● INSTRUCTIONS FOR THE TASK: When you reach the line that contains "Dial Natural mother-of-pearl", begin copying exactly, and continue through the last line of the data; no pictures belong in the copy.

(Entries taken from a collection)

----

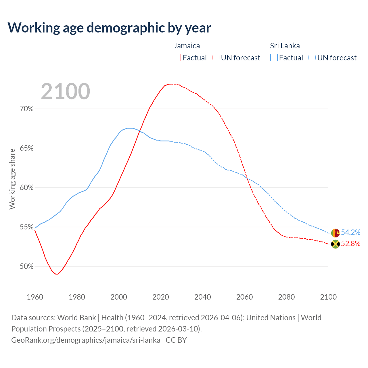- Jamaica has 2.07M working age adults (aged 15-64) vs 14.6M in Sri Lanka.
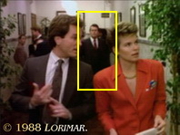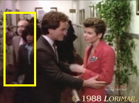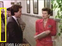 DAVID GUST, the tall, black-haired and mustached uncredited extra, who is best known for his rôle as an assistant district attorney (# 091, 092 and 154), but who also plays different characters in the series, appears in Washington, D.C. in this episode, obviously as a member of Richard's security team; first in the Senate Building in the hallway (screen capture 1), later in the hearing room (unpictured), then in front of Ryder's office (screen grab 2) and finally in the restaurant at the Watergate Hotel (picture 3). Not a wise decision to choose this extra because of his usual appearances as a Tuscany County A.D.A.
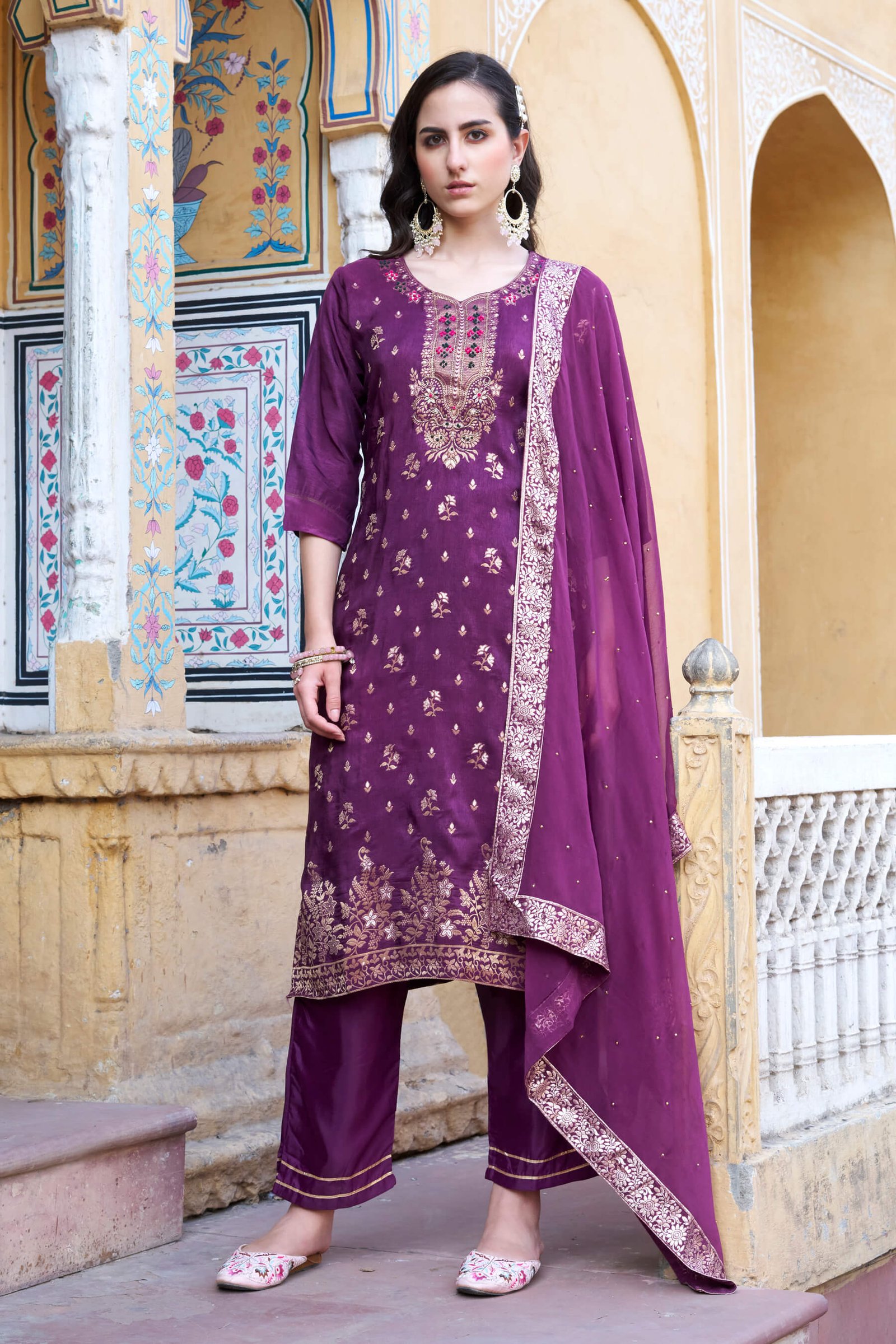 Elegant purple kurta pant set, featuring rich all-over golden embroidery with a beautifully detailed neckline. Paired with matching straight pants and a coordinated embroidered dupatta, this ethnic set is perfect for festive occasions, weddings, and traditional gatherings. Crafted for comfort and royal appeal.
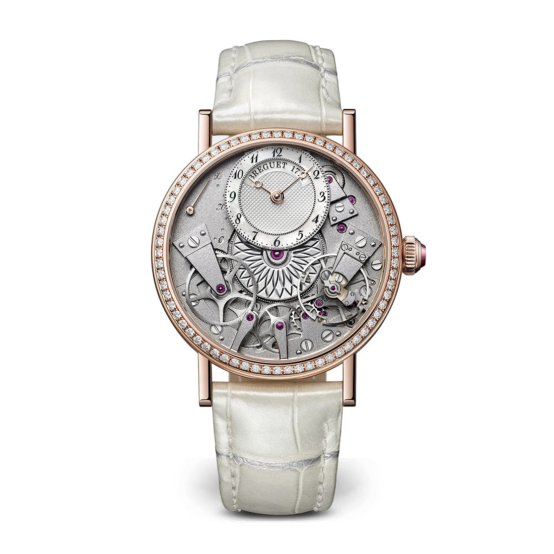 Dial Natural mother-of-pearl dial, hand-engraved guilloché, offset at 12 o'clock. Individually numbered and signed by Breguet. Arabic numeral chapter ring. Gold Breguet hands.
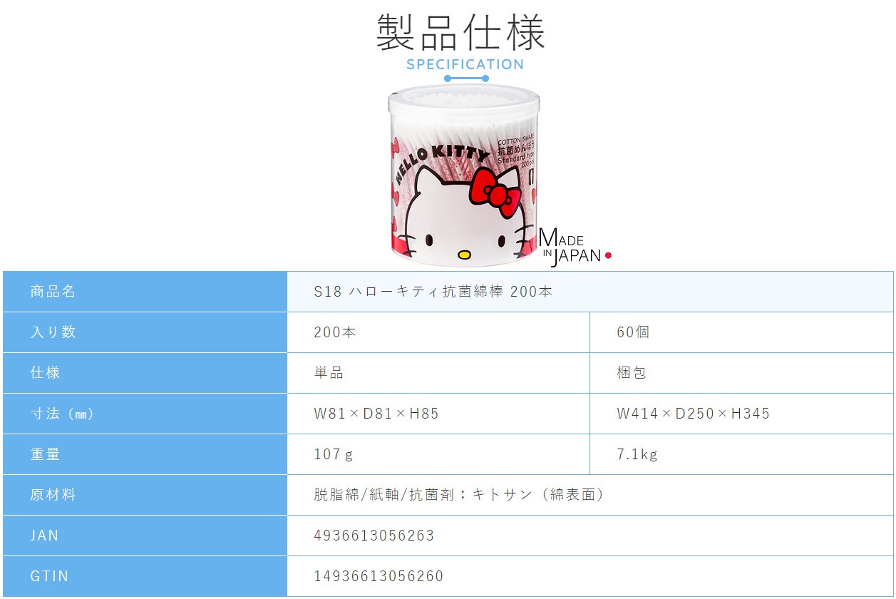Hộp 200 tăm bông kháng khuẩn Sanyo Hello Kitty 100% bông gòn tự nhiên mềm mại+ Sản phẩm được nhập khẩu trực tiếp từ thị trường Nhật Bản chính hãng 100%.+ Đảm bảo chất lượng, dịch vụ tốt nhất, hàng đ...
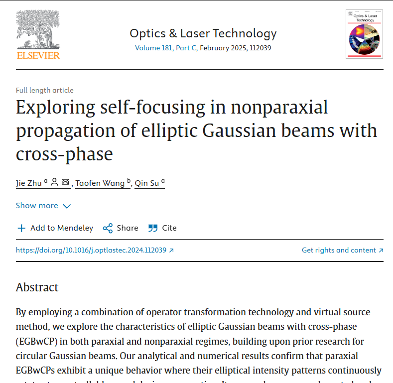 朱洁老师以第一作者身份在期刊《Optics and Laser Technology》上发表题为“Exploring self-focusing in nonparaxial propagation of elliptic Gaussian beams with cross-phase”的研究论文。https://doi.org/10.1016/j.optlastec.2024.112039

----

● COMPLETED TASK:
 Dial Natural mother-of-pearl dial, hand-engraved guilloché, offset at 12 o'clock. Individually numbered and signed by Breguet. Arabic numeral chapter ring. Gold Breguet hands.
Hộp 200 tăm bông kháng khuẩn Sanyo Hello Kitty 100% bông gòn tự nhiên mềm mại+ Sản phẩm được nhập khẩu trực tiếp từ thị trường Nhật Bản chính hãng 100%.+ Đảm bảo chất lượng, dịch vụ tốt nhất, hàng đ...
 朱洁老师以第一作者身份在期刊《Optics and Laser Technology》上发表题为“Exploring self-focusing in nonparaxial propagation of elliptic Gaussian beams with cross-phase”的研究论文。https://doi.org/10.1016/j.optlastec.2024.112039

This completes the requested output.